Work request: Give the records below again, word for word. No pictures belong in the copy.

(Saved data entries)
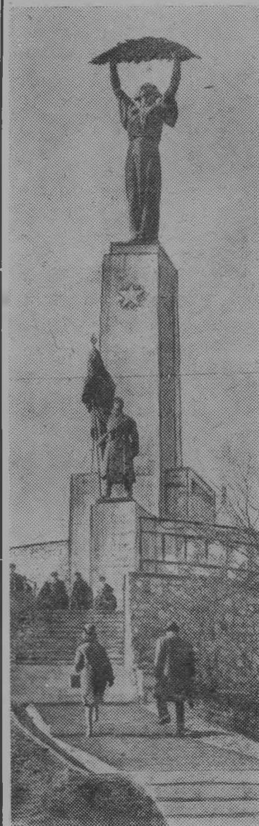
У монумента Освобождения на горе Геллерт в Будапеште. На его цоколе вырезаны имена советских героев, отдавших свою жизнь в боях за венгерскую столицу.
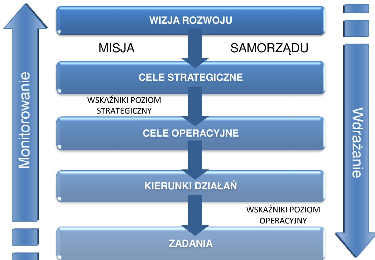
Rysunek 5. Schemat wdrażania i monitorowania Strategii na poziomie strategicznym i operacyjnym

Monitorowanie realizacji Strategii Rozwoju Gminy Wojciechowice na lata 2015-2022 odbywać się będzie na poziomie strategicznym i operacyjnym.
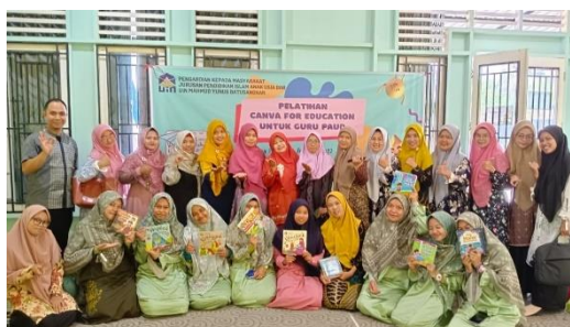
Gambar 6. Photo Bersama Selesai Kegiatan Pelatihan Canva for education

Hasil diskusi tanya jawab dan observasi langsung selama PKM berlangsung, diperoleh hasil sebagai berikut:
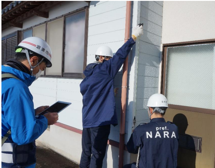
家屋被害認定調査の様子(穴水町内)
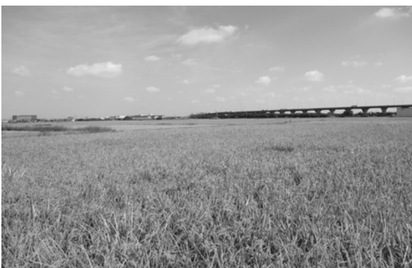
企業誘致を進める方領地区
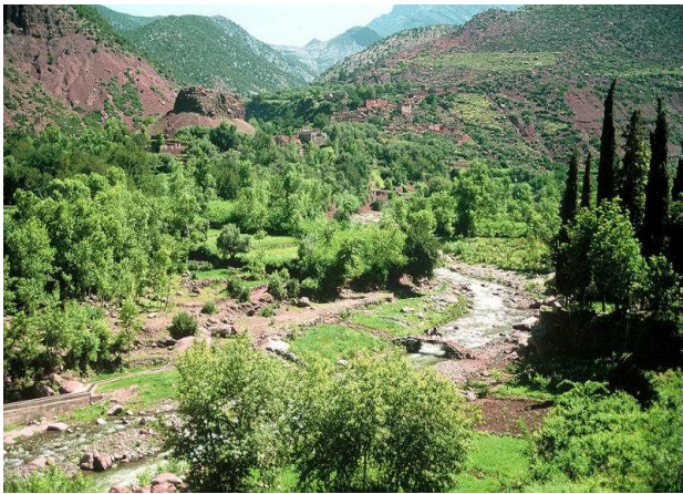
Valle de Ourika
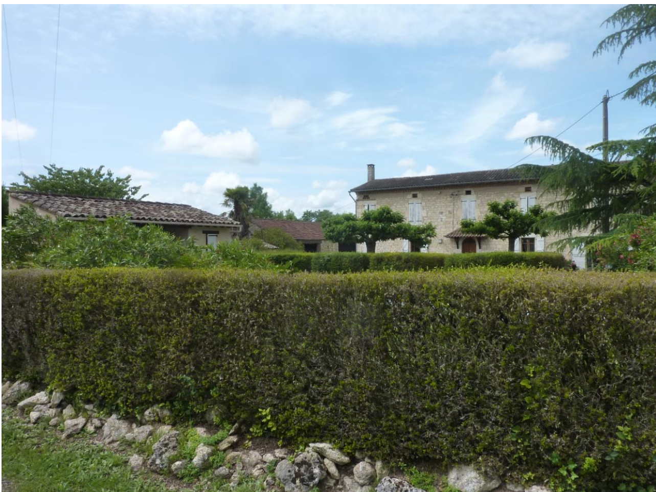
Vues dans le cône n°8

Problem solution:
У монумента Освобождения на горе Геллерт в Будапеште. На его цоколе вырезаны имена советских героев, отдавших свою жизнь в боях за венгерскую столицу.
Rysunek 5. Schemat wdrażania i monitorowania Strategii na poziomie strategicznym i operacyjnym

Monitorowanie realizacji Strategii Rozwoju Gminy Wojciechowice na lata 2015-2022 odbywać się będzie na poziomie strategicznym i operacyjnym.
Gambar 6. Photo Bersama Selesai Kegiatan Pelatihan Canva for education

Hasil diskusi tanya jawab dan observasi langsung selama PKM berlangsung, diperoleh hasil sebagai berikut:
家屋被害認定調査の様子(穴水町内)
企業誘致を進める方領地区
Valle de Ourika
Vues dans le cône n°8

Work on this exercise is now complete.